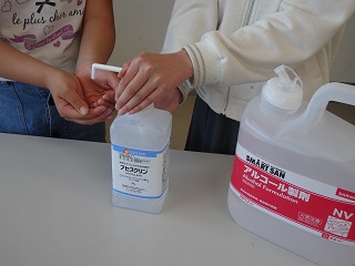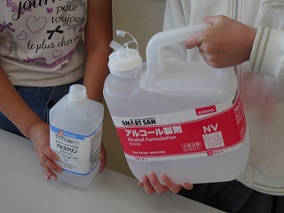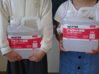 ▲いただいた消毒用アルコールは全校児童で大切に使わせていただきます!!
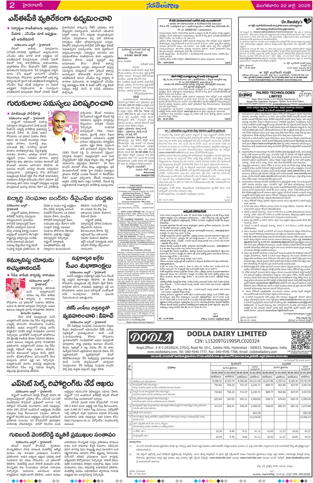 Pursuant to Regulation 47 of SEBI (Listing Obligations and Disclosure Requirements) Regulations, 2015, please find enclosed copies of newspaper advertisement regarding the opening of special window for re-lodgment of the transfer requests of physical shares as published in Business Standard and Nava Telangana.
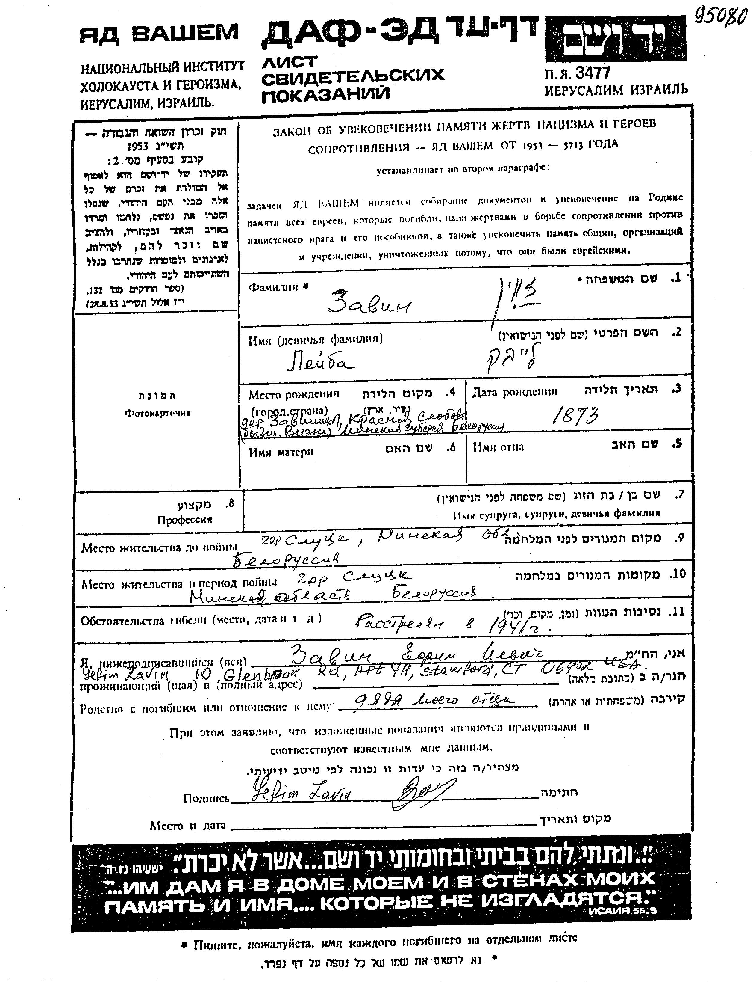 Zavin Leiba 1873 Slutsk, Belorussia (USSR) Page of Testimony
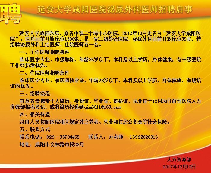 延安大學(xué)咸陽(yáng)醫(yī)院泌尿外科醫(yī)師招聘啟事
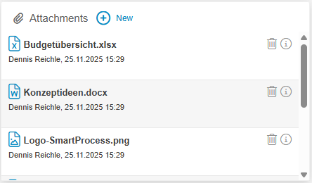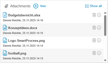 - In the Attachments window of a case, the added files are now displayed more compactly, so that up to 4 attachments are visible at a glance.
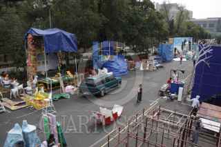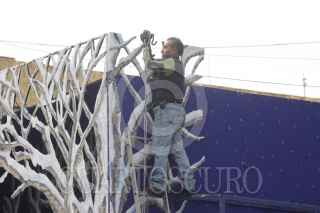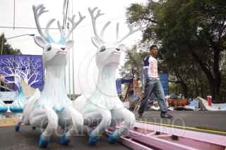 MÉXICO, D.F., 18DICIEMBRE2009.- Sobre la calle de Revillagigedo a un costado de la alameda central, se comenzaron a instalar los escenarios en los cuales se tomaran las ya tradicionales fotos con Santa Claus estas fechas navideñas. FOTO: SÁSHENKA GUTIÉRREZ/CUARTOSCURO.COM
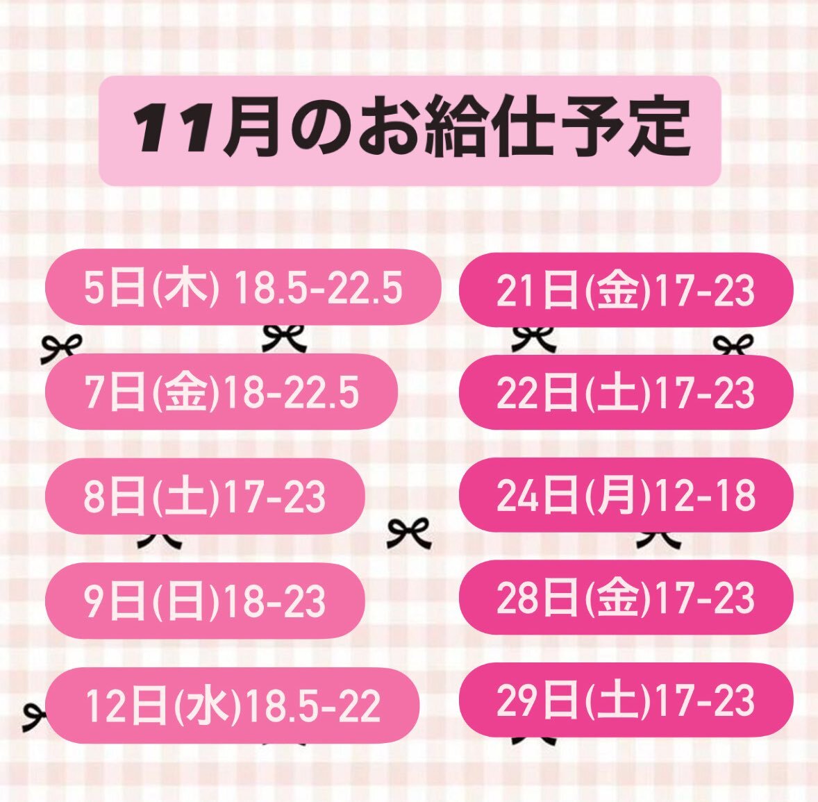 《11月のお給仕予定♡》 8日かれんさんBDイベ 9日しろはさんBDイベ 11日ポッキーの日 23.24日フリコスイベ 29日まいさんBDイベ 30日しろはさん卒業😢🪽 今月も盛りだくさん꒰ᐢ⸝⸝´ඉᯅඉ⸝⸝ᐢ꒱ 沢山リトルへ会いに来てねん🎵🎶
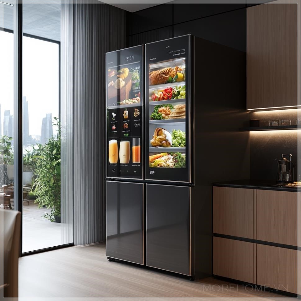 Bên cạnh đó, thiết kế của tủ lạnh thông minh cũng được tối ưu hóa để phù hợp với không gian sống hiện đại. Tủ lạnh có thể dễ dàng tích hợp vào các không gian bếp sang trọng và tiện nghi, góp phần tạo nên một không gian sống hài hòa và hiện đại. Các vật liệu tự nhiên như gỗ và đá marble được sử dụng để tủ lạnh không chỉ trở thành một thiết bị hữu ích mà còn là một phần của thiết kế nội thất, nâng cao thẩm mỹ cho không gian bếp.
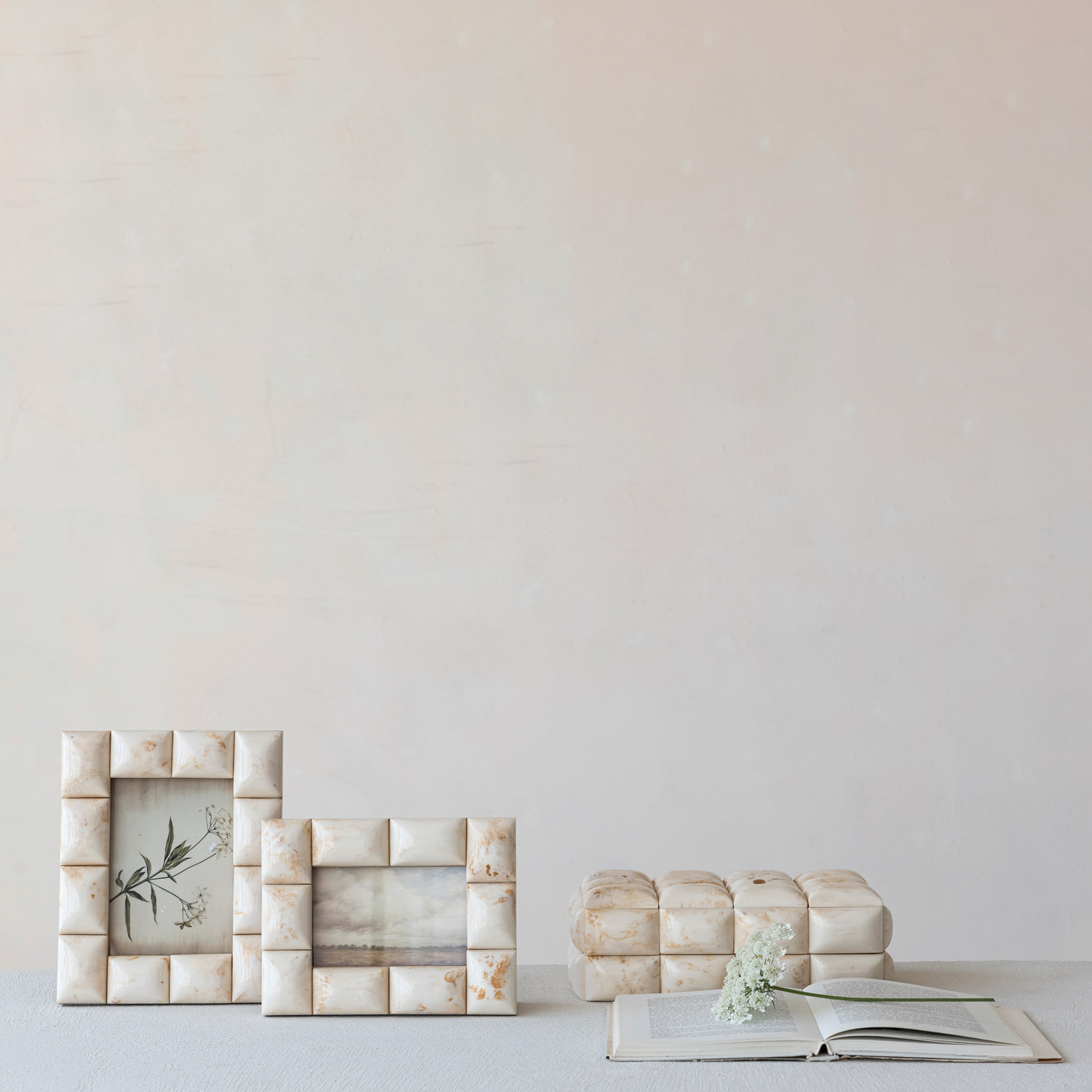 Catalog Name: 8"L x 10"H MDF & Marbled Resin Tile Photo Frame, Ivory Color (Holds 5" x 7" Photo)(Each One Will Vary)
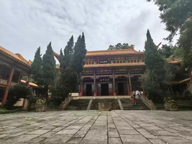 We took the sightseeing bus from the visitor center to the ropeway station, then took the cable car up the mountain and transferred to the sightseeing bus to Huanglong Temple. Go up the stone steps and first reach the Moon Reflection Pool.
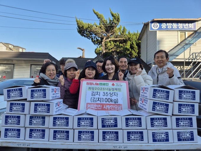[경산/김근해기자] ‘커피 한 잔 사랑 한 모금(커사랑)’봉사단체(회장 민향심)은 18일 직접 담근 김장 김치 35상자(3kg들이)를 중방동행정복지센터에 기부했다. 이번 김장 김치는 시중에서 구매한 재료가 아닌, 자원봉사자들이 직접 재배한 배추와 농작물을 사용해 절임부터 양념 제조, 담그는 과정까지 모두 손수 진행하며 따뜻한 정성을 더했다.
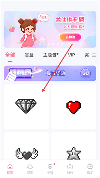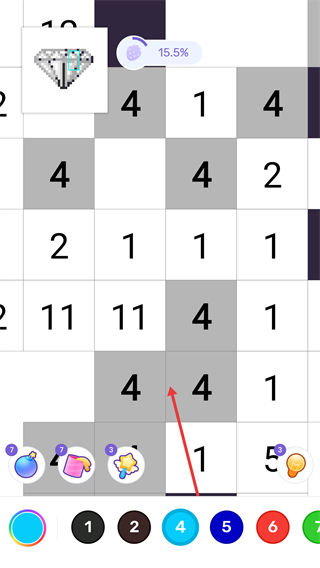 3、沿【紅色箭頭】填充數字4的格子,切換對應色塊完善鉆石主體結構。
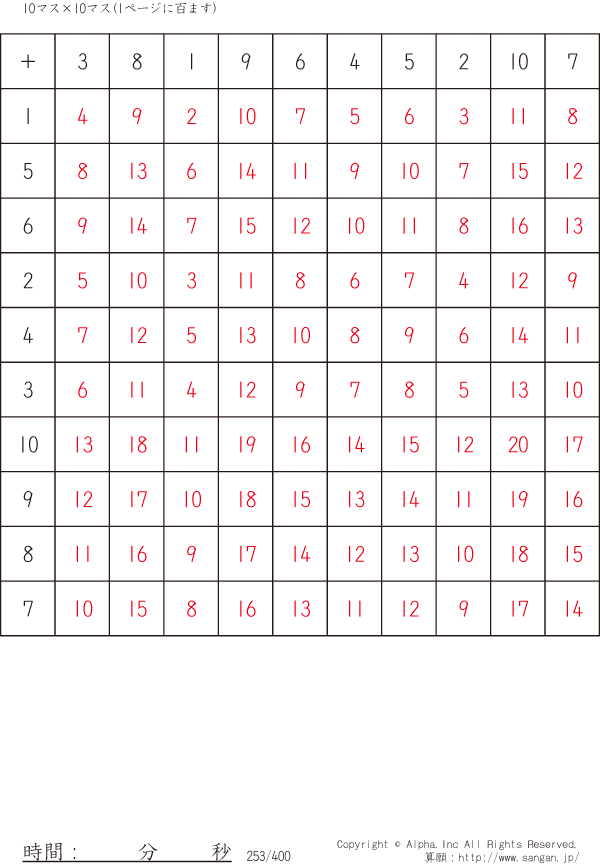 上記のボタンから「10×10ます足算(100マス)」の算数数学ドリル・計算ドリル(PDFプリント)がダウンロードできます。個人利用は無料です(家庭以外での配布は有料です)。
====================
== Your task ==
What you return must match, character for character, the lines above from the one with "Bên cạnh đó, thiết" through the one with "One Will Vary)", minus any pictures.

== Output of the task ==
 Bên cạnh đó, thiết kế của tủ lạnh thông minh cũng được tối ưu hóa để phù hợp với không gian sống hiện đại. Tủ lạnh có thể dễ dàng tích hợp vào các không gian bếp sang trọng và tiện nghi, góp phần tạo nên một không gian sống hài hòa và hiện đại. Các vật liệu tự nhiên như gỗ và đá marble được sử dụng để tủ lạnh không chỉ trở thành một thiết bị hữu ích mà còn là một phần của thiết kế nội thất, nâng cao thẩm mỹ cho không gian bếp.
 Catalog Name: 8"L x 10"H MDF & Marbled Resin Tile Photo Frame, Ivory Color (Holds 5" x 7" Photo)(Each One Will Vary)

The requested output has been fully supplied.